Open ladislas opened this issue 5 years ago • 3 comments

IMO you are an inspiration to what a developer should be and a great example for all of us using your software.

ladislas avatar Jan 21 '19 09:01 ladislas

I’m not sure I balance these things in a conventional sense and the relative proportion I spend on all these things has varied a good deal over the years.


Way back in 2002 when I started open source I was working a year in industry and hating it, so I spent all my free time on open source (Filelight) while doing a 9-5. Towards the end of that year I was getting up early, doing open source, going to work late, coming home for lunch, taking a two hour lunch for open source, leaving early, doing open source until I was tired then going to bed.

I could only do that because I was 20. And because it was a barely paid year in industry, and my boss didn't care and it was Britain (USA would never let you do this).

I had a girlfriend at the time, but both of us were pretty boring people so she would just let me work when she came to see me, and when I went to see her I missed code.


After that I had one year left an university and I basically didn't go to class, I didn't socialize and I worked on open source (amaroK)

I almost failed my degree so I went home and lived with my parents. I worked 20 hours a day on open source, never saw my parents, slept when they were awake mostly. Ate alone. But provided I didn't think about the fact my life was up in the air I was happy.


The next fews years I got into the industry, first with Last.fm, and I loved working there so I stopped doing open source. I also socialized almost every day I after work.


Then I quit and created Homebrew. I spent 6 months constantly on it, no socializing.


But I ran out of money so joined TweetDeck. This was the most balanced I'd been so far, I socialized a lot, and worked 9-5 and did a lot of open source. I burned out. Fortunately other people stepped up to help with brew. I talk about this in my brew create video.

So balance was hard.


In the years since I have really alternated. Right now I am full-time on open source, trying to fund it with donations. But it isn't yet enough so I am also looking for small contracts that can pay enough that I can continue to build my patronage.

My Current Day

  • Wake up 9
  • Drink coffee, have a miso soup
  • Work until noon or so, I have a large document of things to work on, and generally pick whatever takes my fancy.
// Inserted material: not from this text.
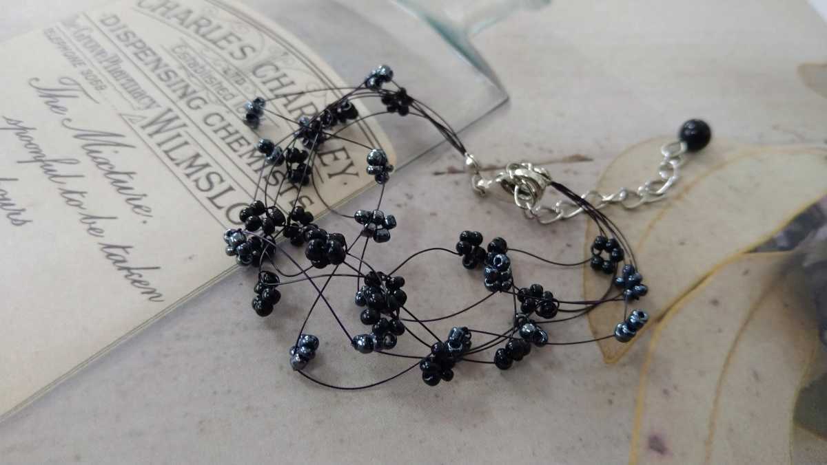 - □フェミニンな印象□黒&グレービーズ・かすみ草のような印象のブレスレット□

Morning work is most productive, so I'm careful about my choice.
  • Leave the hours for 30-60 minutes, take a book, fiction preferably. I read at Forsyth Park here in Savannah †
  • Return and work until 3:30
  • Work out for 20-30 minutes
  • Work until 5 (this work will be more minor tasks)
  • Cook dinner
  • Spend a few hours with wife
  • Work if I still have energy
  • Bed, read if not quite ready to sleep, ignore phone

How am I to get the paid work in effectively? I'm not sure yet. I've historically struggled to multitask and really I think it's pretty difficult for programmers. I’ll update when I have data.

forsyth park

mxcl avatar Jan 21 '19 18:01 mxcl

Thanks a lot Max for your answer and insights! It's great to see how things changed and evolved along the journey. It helps put our own struggles and/or successes in perspective.

The brew create video is amazing, I live in Paris and I'm sad I missed it. You'll come back ;)

ladislas avatar Jan 22 '19 18:01 ladislas

You'll come back ;)

Would love to! Had a great time. I love Paris.